Она крепко ухватила его за жакет и приподняла над полом.
– Во всяком случае столько, чтобы успеть проводить тебя в последний путь. – Она крикнула через плечо: – Фелипе! Я на свободе!
Бехайм боднул ее в лицо, она качнулась назад и выпустила его. Из носа у нее хлынула кровь, густым соусом стекая по губам и подбородку. Она высунула язык и, улыбаясь, принялась лакать алую жидкость, сочившуюся из ее ноздрей.
Фелипе пытался вышибить дверь кабинета. С каждым ударом дерево все больше прогибалось наружу.
И тут раздался пронзительный крик госпожи Долорес. Она в ужасе смотрела на дым, клубами поднимавшийся вокруг нее, – отскочив от удара Бехайма, она слишком близко подступила к упавшему факелу, и на шлейф ее халата попала искра. Шелковая ткань вовсю пылала. Долорес завыла от страшной боли и ярости и бросилась на Бехайма, но ему удалось увернуться. Он схватил за руку Жизель и, обойдя справа магическую пустоту Фелипе, так и висевшую посреди комнаты, кинулся со служанкой вон, прочь от горящей вампирши, которая, крича, с протянутыми руками, заковыляла за ними, стремительно превращаясь в гигантский факел, от которого стало светло, как днем за стенами замка. Дверь кабинета затрещала, посыпались щепки. Кожа госпожи Долорес потемнела и покрылась волдырями, вопли ее перешли в какой-то скрип и скрежет, едва слышный сквозь треск пожиравшего ее огня. Страшно было смотреть на лопающуюся маску ее лица, и в эту минуту Бехайм не чувствовал никакого злорадства, ни йоты торжества. Она бросилась к ним, роняя капли пламени, но они отпрыгнули в сторону, и тогда она повернулась, потом, шатаясь, сделала шаг влево и, на мгновение застыв, как будто решая, как быть дальше, и тем самым не оставляя Бехайму сомнений в том, что она делает это осознанно, нырнула в черную пасть, парившую в воздухе, в тот самый миг, когда в дожде щепок, во взрыве разлетающихся досок сквозь дверь вылетел Фелипе – с обнаженными клыками, покрасневшими глазами – воплощение кошмара. Увидев Долорес и ужаснувшись, он схватил ее за запястье, а она, падая – может быть приняв его за Бехайма или просто непроизвольно, – стиснула его в объятиях. Несколько секунд они балансировали на грани между жизнью и смертью, наполовину погрузившись в эту стылую черную пустоту, но не уйдя в нее с головой; пламя поползло по руке Фелипе, доставая языками его лицо. Тут Бехайм, понимая, что упустить момент будет смерти подобно, подбежал и подтолкнул их.
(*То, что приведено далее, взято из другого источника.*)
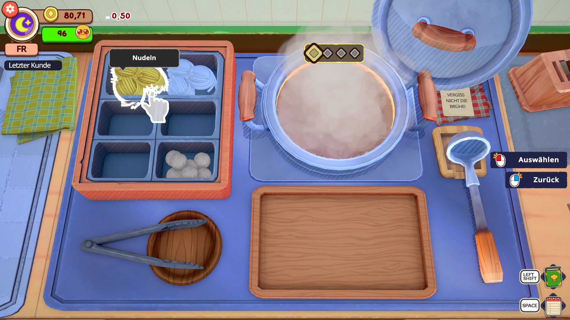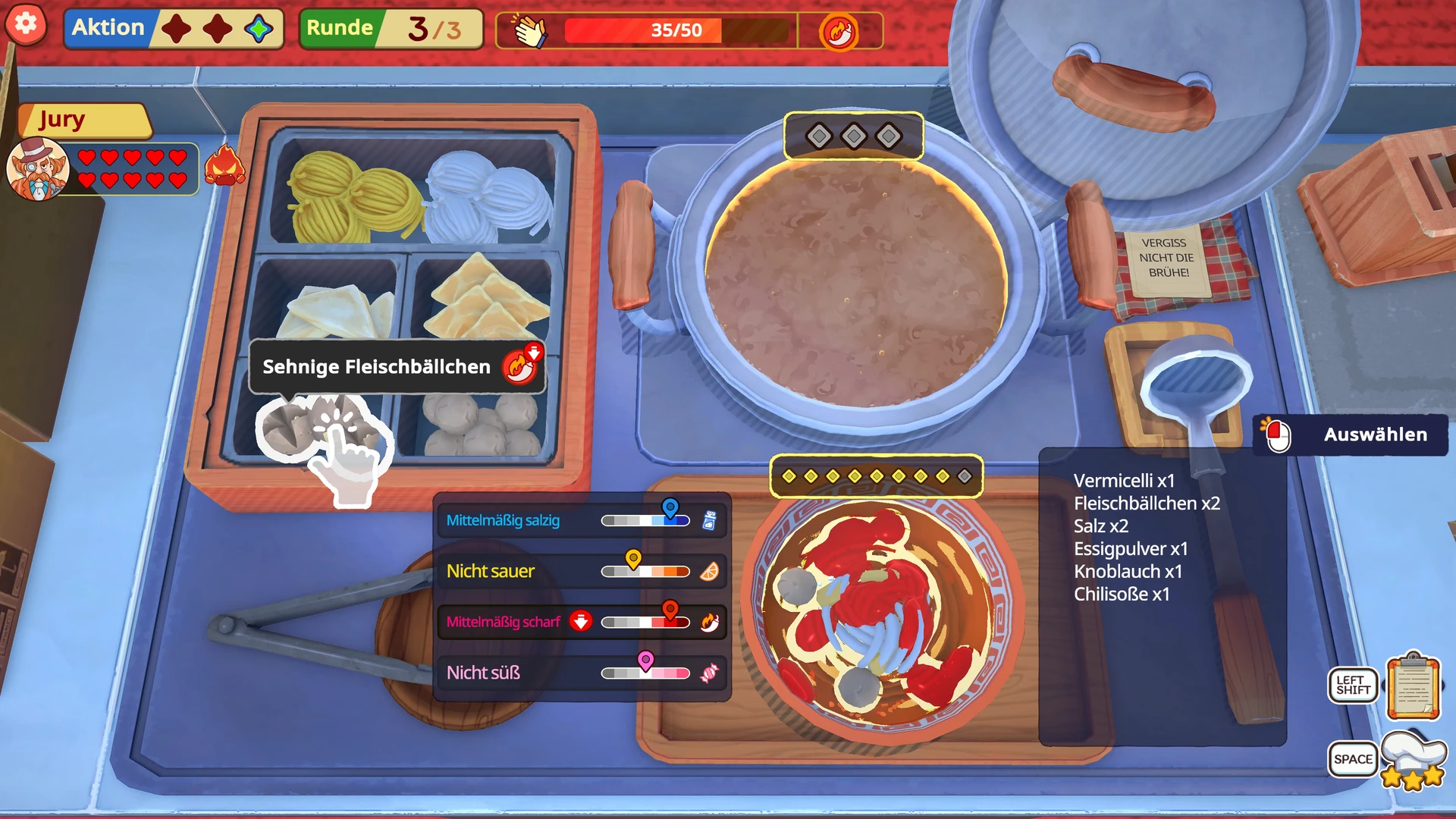 Besonders gelungen ist die Darstellung der Gerichte und Zutaten. Wenn ihr Fleischbällchen in die Brühe werft, Chili hackt oder die fertige Schüssel anrichtet, sieht das alles appetitlich aus. Für ein Indie-Spiel in dieser Preisklasse ist die visuelle Qualität bemerkenswert. Technisch lief bei uns alles ohne Probleme: keine Ruckler, keine Grafikfehler, keine Abstürze. Sauber.

Они исчезли в пропасти, и наступила мучительная тишина. Казалось невозможным, чтобы столько жизненной энергии в одно мгновение ушло в небытие, и от внезапности и окончательности этих смертей – если то была смерть – Бехайма охватила тоска. Может быть, госпожа Долорес надеялась, что эта чернота потушит пламя? Но этого не случилось. Бехайм видел: они продолжали гореть и после того, как отдалились на огромное расстояние, – красноватая звездочка посреди роящихся бледных огней. Повисшее безмолвие заключило его в свой плен, обратив его ум внутрь, и он задумался – как он неумел, как наивен.
С какой легкостью он позволил ей обвести себя вокруг пальца!
Теперь его могли лишить бессмертия. За такое преступление его убьют, приговорят к Озаряющему Жертвоприношению. Связанный по рукам и ногам, он, лопаясь пузырями, испечется в рассветных лучах на башне, солнце выпарит его дух, курящимся дымком зашлет его в будущее, и он в предсмертном стоне будет выкрикивать то, что ему откроется, молясь, чтобы его видения доставили наконец достаточно сведений, полезных для Семьи, и Патриарх даст знак слуге вонзить в него осиновый кол и положить конец его агонии. Он вспомнил рассказы об Озаряющем Жертвоприношении, которому подвергли Джузеппе Чинцалу, длившемся несколько часов, когда видения несчастного отличались такой ясностью и были настолько важны, что Патриарх тянул до последнего. Говорили, что от Чинцалы остались одни головешки да угольки, продолжавшие с шипением выплевывать сквозь пепел кровавые розочки и предсказания.
Что же это такое – солнце, раз оно способно извлекать такие таинственные алмазы из жара и надвигающейся смерти?
И что такое душа, когда она в силах улететь столь далеко, уйти в толщу времен – и сохранить связь с плотью?
Бехайм стоял в замешательстве, пытаясь осмыслить то, что произошло, собрать звенья событий в одну цепь и увидеть хоть проблеск надежды. Но единственное, что он увидел, была его глупость – и предательство Александры. Сомнений нет: она его использовала. И тем самым подвела к гибели. Загадочная бездна, в которую канули госпожа Долорес и Фелипе, казалась теперь черным зеркалом, отражающим его собственное будущее.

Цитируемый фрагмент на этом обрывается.